Terry was delighted to see us, garrulous and clowning around as usual: jovial tour guide of the nut house. Once he was released, the three of us picked up where we’d left off.

A few years later, he started talking about moving to Boston and making oblique references to a “marriage of convenience.” I assumed he never elaborated because he thought I didn’t know what he was talking about. It didn’t occur to me that he might have enjoyed being mysterious. In any case, he wanted me to move to Boston, too, and I considered the idea. But I ended up going to California instead, and we lost track of each other after that.

Out of the blue, during the winter of 1977, I started thinking about Terry quite a bit.
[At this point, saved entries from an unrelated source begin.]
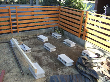 駐車場が使えるように薪棚を作成!まずはブロックで基礎作り。意外と8箇所のレベルを合わせるのに時間がかかった。 |
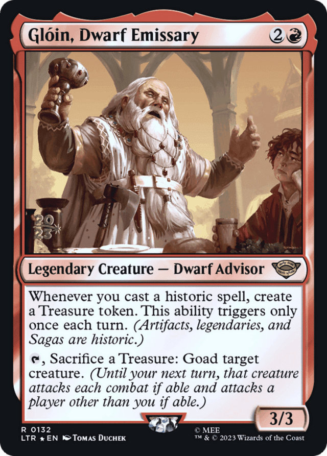 Whenever you cast a historic spell, create a Treasure token. This ability triggers only once each turn. (Artifacts, legendaries, and Sagas are historic.) {T}, Sacrifice a Treasure: Goad target creature. (Until your next turn, that creature attacks each combat if able and attacks a player other than you if able.)
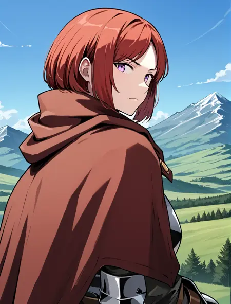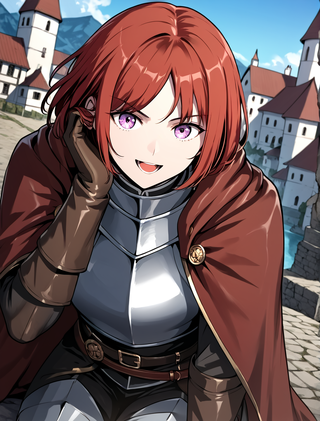 1 girl, solo, red hair, short hair, parted bangs, purple eyes
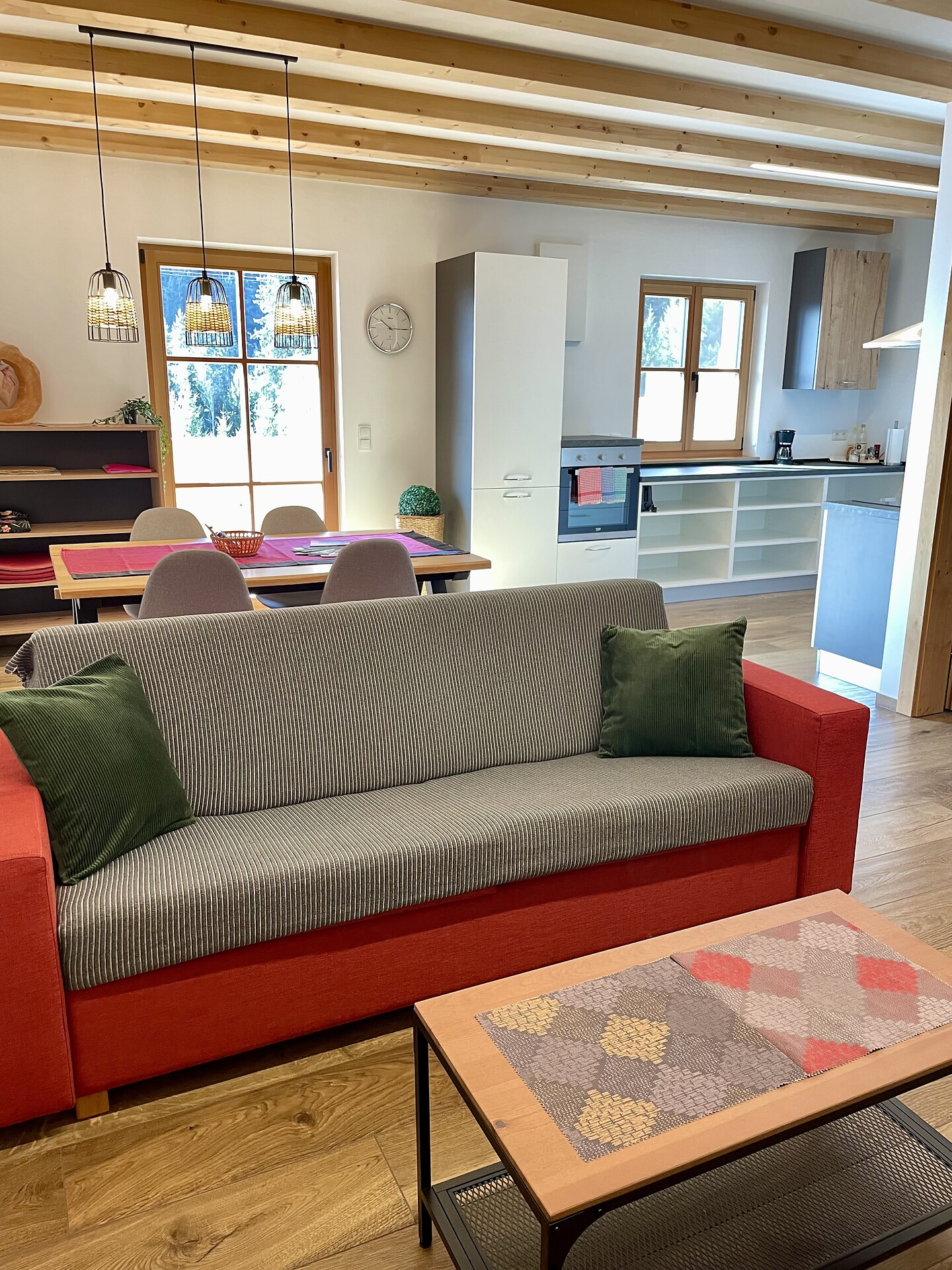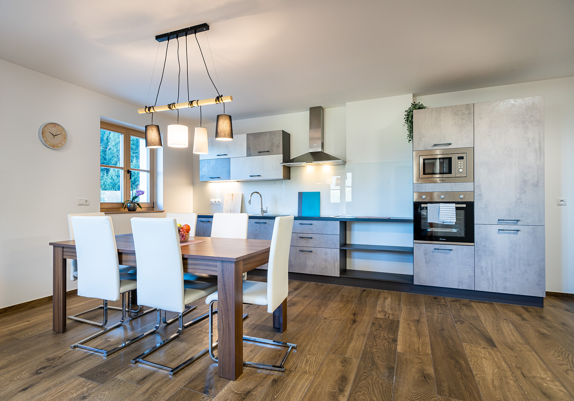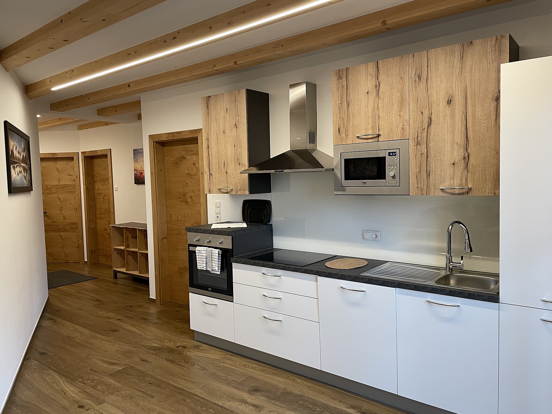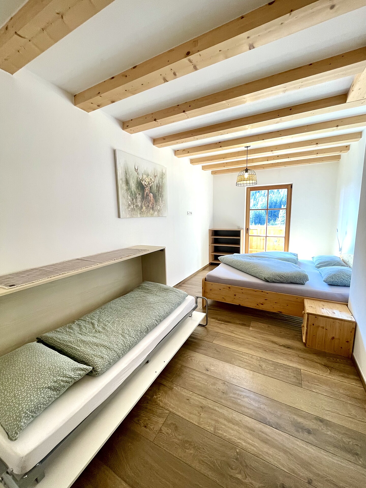 Die Ferienwohnung PANORAMA (73 m², Obergeschoss) für 4–6 Personen bietet modernen Komfort und Zugang zur Außensauna mit Panoramablick. Der große, sonnige Balkon lädt zum Entspannen mit freier Sicht auf die Bergwelt ein. Die helle Wohnküche ist ausgestattet mit Geschirrspüler, Induktionsherd, Backrohr, Espressomaschine, Kühlschrank mit Gefrierfach, Mikrowelle und allen notwendigen Utensilien. Ein 43″ Smart TV mit High-Speed-Internet, kompatibel mit allen Streaming-Diensten, kostenloses WLAN sowie verschiedene Bücher sind vorhanden. Das Bad verfügt über Fenster, große Dusche, WC, Bidet, Badheizkörper und viel Ablage. Alle Räume besitzen Fußbodenheizung und Wohnraumlüftung. Schlafmöglichkeiten: Doppelzimmer, Zimmer mit zwei Stockbetten sowie Schlafsofa mit komfortabler Matratze. Fenster mit elektrischen Rollläden und Insektenschutz. Waschmaschine vorhanden. Parkplätze am Haus, Garage auf Anfrage; Skischuhtrockner für alle Gäste. Endreinigung inkl. (ausgenommen Küchenzeile), Kaution 150 €.

I felt a strong urge to find out where he was and what he was up to, but I didn’t follow up on it for several months. His adoptive parents were no longer listed in the phone book, for one thing, and I was out of touch with everyone else who’d known him. But the urge persisted, and eventually I located the name and address of a possible relative. I wrote to him asking for Terry’s current address.

The man turned out to be Terry’s uncle. He called me as soon as he got my letter to tell me Terry had committed suicide in Boston six months earlier—right around the time I’d started thinking about him again.

I don’t delude myself that if I’d found a way to get in touch with Terry earlier he wouldn’t have killed himself. That would be presumptuous. There’s no way for me to know what was actually going on with him. But when I found out what had happened, I felt like a member of a mountain-climbing expedition who got distracted and looked away. And in that moment of looking away, I failed to see another member of the party lose his footing and fall, fatally, to earth.

We are funny creatures. We don’t see the stars as they are, so why do we love them? They are not small gold objects, but endless fire.